⟨
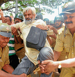 <p>The police arrested a group of CPI (M) activists when they staged a protest in front of office of Medical Education and District In-Charge Minister S A Ramdas in the city without seeking permission from the Department of Police. Later, they were released.<br /><br />Tension prevailed in front of Ramdas’ office in Vidyaranyapuram on Monday, as the members of Centre for Indian Trade Union (CITU) and All India Agricultural Workers Unions (AIAWU) staged a demonstration alleging irregularities in the implementation of the Mahatma Gandhi National Rural Employment Guarantee scheme (MNREGS).<br /><br />The police asked the protesters to withdraw their demonstration on the ground that they have not taken permission from the police commissioner. <br /><br />However, the protesters refused to heed to police request and said they need not take anybody’s permission as they came there to pour in their woes before the minister. <br /><br />This made the police to take all of them into custody and forcibly dumped them inside the police van. Earlier, in his address, CPM leader and the vice- president of the state unit of All India Agricultural Workers Union GN Nagaraj said that the employment scheme to farm labourers failed to reach out to the unemployed labourers in rural areas. <br /><br />“There is no proper implementation of the project. <br /><br />The officials are involved in the embezzlement of funds meant for providing employment to poor agricultural labourers. <br /><br />Thousands of labourers have not received the wages for the work they done two years ago. Besides, the officials are using machineries for manual work,” he said. <br /><br />Varalakshmi, general secretary of CITU said there was a serious setback for the MnREGS in the state. The Government has proposed to implement the scheme through private players, she added. <br /><br />Secretary of AIAWU Puttamadu and others were present. About 60 activists who were held were later released.</p>
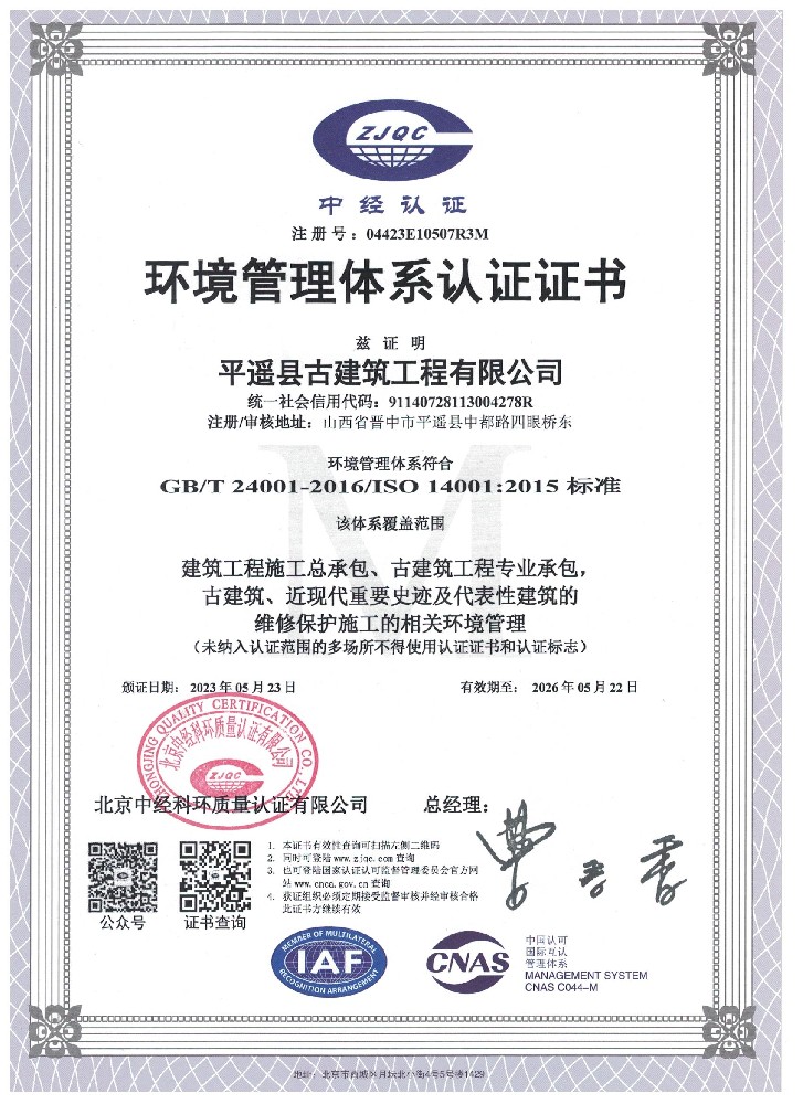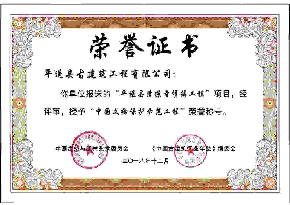 四十多年來,公司堅持以“傳承古建技藝、發(fā)揚民族藝術(shù)”為己任,充分發(fā)揮平遙古城得天獨厚的古建筑文化優(yōu)勢,大力實施品牌發(fā)展戰(zhàn)略,公司以優(yōu)異的施工質(zhì)量、優(yōu)秀的施工進度、優(yōu)良的誠信服務(wù)踐行了社會責(zé)任,取得了驕人業(yè)績,平遙古建公司工程業(yè)績遍布全國二十多個省市,公司先后承建了550余項文物修繕、仿古建筑、工業(yè)民用、園林綠化及規(guī)劃設(shè)計項目,均以鮮明的特色和優(yōu)質(zhì)的施工質(zhì)量贏得了各級政府、文物專家、社會各屆人士的廣泛贊譽。
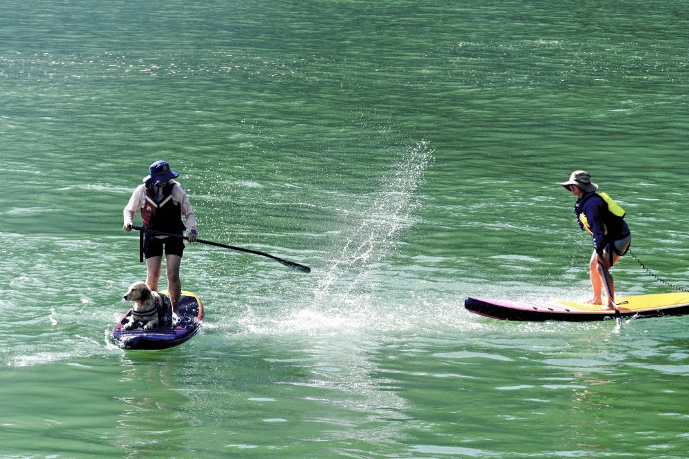 10月4日,游客在云南大理南澗彝族自治縣公郎鎮(zhèn)猛龍渡體驗(yàn)槳板。新華社發(fā)(適志宏攝)
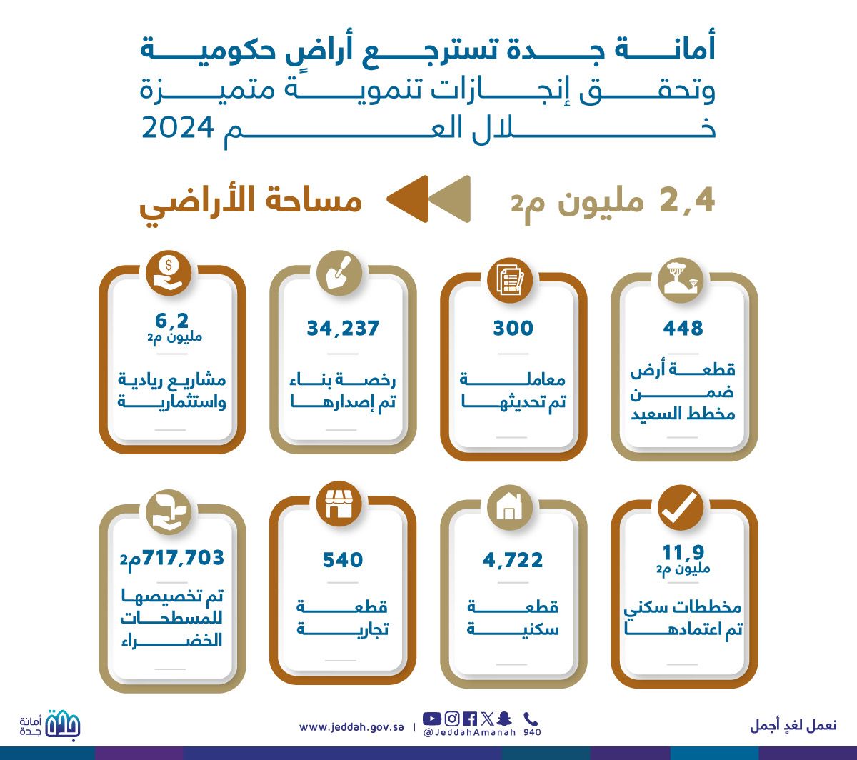 أعلنت أمانة محافظة جدة، في تقرير صادر عن وكالة التعمير، استرجاع أراضٍ حكومية بمساحة إجمالية بلغت 2,432,785.99 مترًا مربعًا خلال العام 2024، إلى جانب تحقيق سلسلة من الإنجازات النوعية في إدارة الأراضي والتنمية الحضرية.
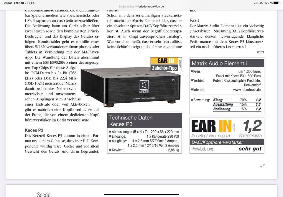 Keces P3 Externes Netzteil im Test von Harald Wittig @ Fidelity-online.de
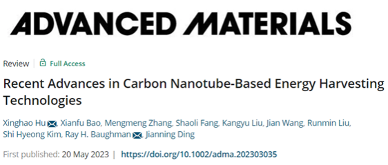 近日,我校智能柔性机械电子研究院胡兴好副教授等人在《先进材料》 (Advanced Materials)上发表题为“Recent Advances in Carbon Nanotube-Based Energy Harvesting Technologies”的综述文章。
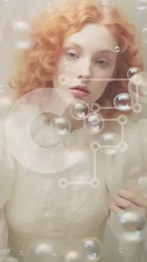 Intra Συλλεκτικό Ξύλινο Παζλ Plywood 4mm - Ονειρική εικόνα μιας γυναίκας με λευκό φόρεμα με κόκκινα μαλλιά που περιβάλλεται από φυσαλίδες Σε Ξύλινο Κουτί - Διαστάσεις Puzzle: 10x10 cm – 25 κομμάτια
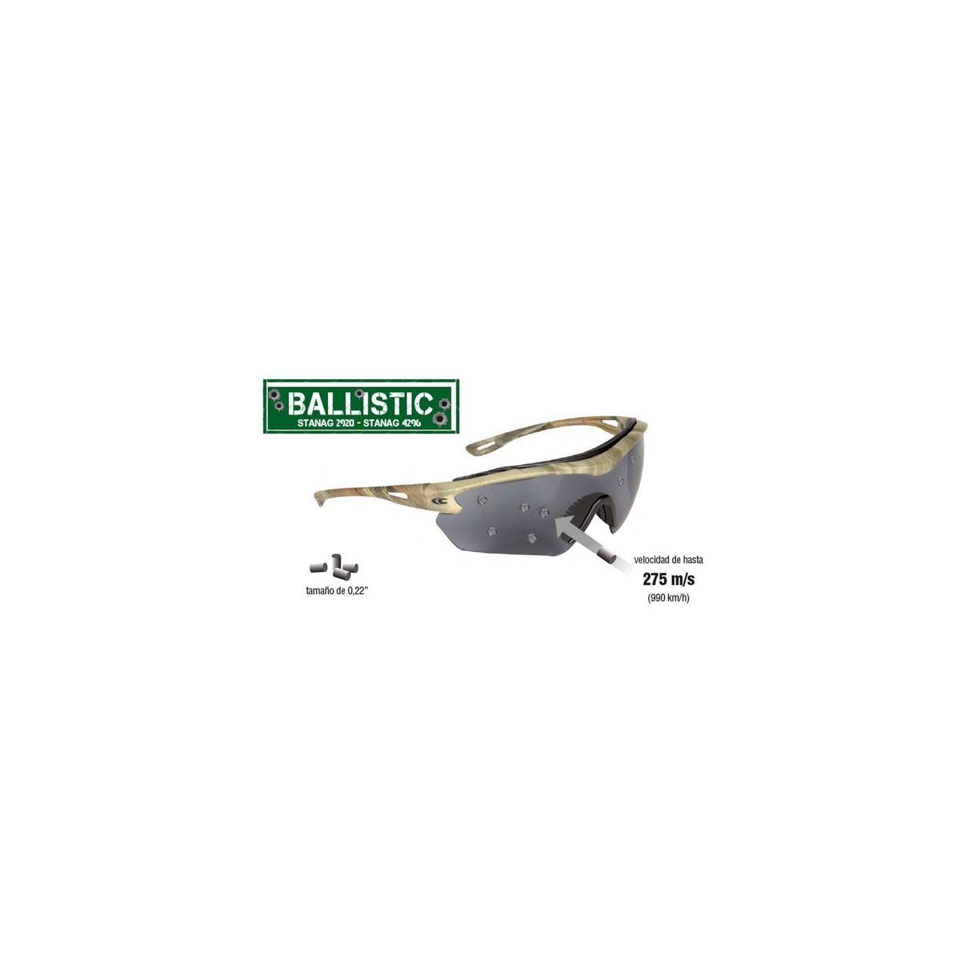 Les normes STANAG 2920 et STANAG 4296 sont des normes de référence pour l’évaluation de la résistance balistique reconnues dans l’ensemble des pays membres de l’OTAN. Par rapport à la norme européenne EN 166 qui détermine la résistance au choc d’une bille d’acier avec diamètre de 6 mm et masse de 0,86 g lancées à une vitesse de 45m/s, la norme STANAG 4296 garantit la résistance balistique définie par le STANAG 2920 qui détermine la résistance balistique aux impacts d’un cylindre en acier équivalent à un calibre de 0,22’’ qui peut aller jusqu’à plus de 275 m/s soit 990 km/h. La norme STANAG 2920 ne définit pas de seuil minimal de protection comme l’EN 166, mais elle spécifie une vitesse V50 où un projectile a 50% de chances de perforer l’oculaire. En plus, les lunettes conformes à la norme STANAG 4296 doivent satisfaire aussi une série d’exigences, comme par exemple:
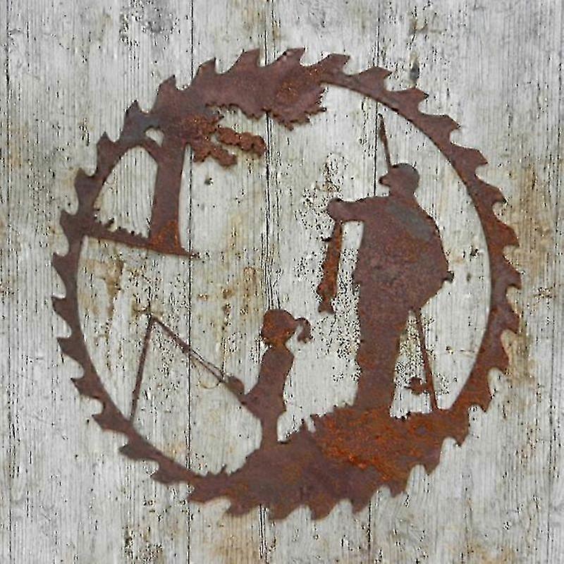 Father's Day Iron Wreath Round Hollow Fishing Silhouettes Hanging Ornament Home Wall Decor
⟩
> **GOAL OF THE EXERCISE**: Using the listing above, reproduce word for word every line from the one containing "10月4日,游客在云南大理南" through the one containing "Intra Συλλεκτικό Ξύλινο". Pictures must be left out.

> **TASK OUTPUT**:
 10月4日,游客在云南大理南澗彝族自治縣公郎鎮(zhèn)猛龍渡體驗(yàn)槳板。新華社發(fā)(適志宏攝)
 أعلنت أمانة محافظة جدة، في تقرير صادر عن وكالة التعمير، استرجاع أراضٍ حكومية بمساحة إجمالية بلغت 2,432,785.99 مترًا مربعًا خلال العام 2024، إلى جانب تحقيق سلسلة من الإنجازات النوعية في إدارة الأراضي والتنمية الحضرية.
 Keces P3 Externes Netzteil im Test von Harald Wittig @ Fidelity-online.de
 近日,我校智能柔性机械电子研究院胡兴好副教授等人在《先进材料》 (Advanced Materials)上发表题为“Recent Advances in Carbon Nanotube-Based Energy Harvesting Technologies”的综述文章。
 Intra Συλλεκτικό Ξύλινο Παζλ Plywood 4mm - Ονειρική εικόνα μιας γυναίκας με λευκό φόρεμα με κόκκινα μαλλιά που περιβάλλεται από φυσαλίδες Σε Ξύλινο Κουτί - Διαστάσεις Puzzle: 10x10 cm – 25 κομμάτια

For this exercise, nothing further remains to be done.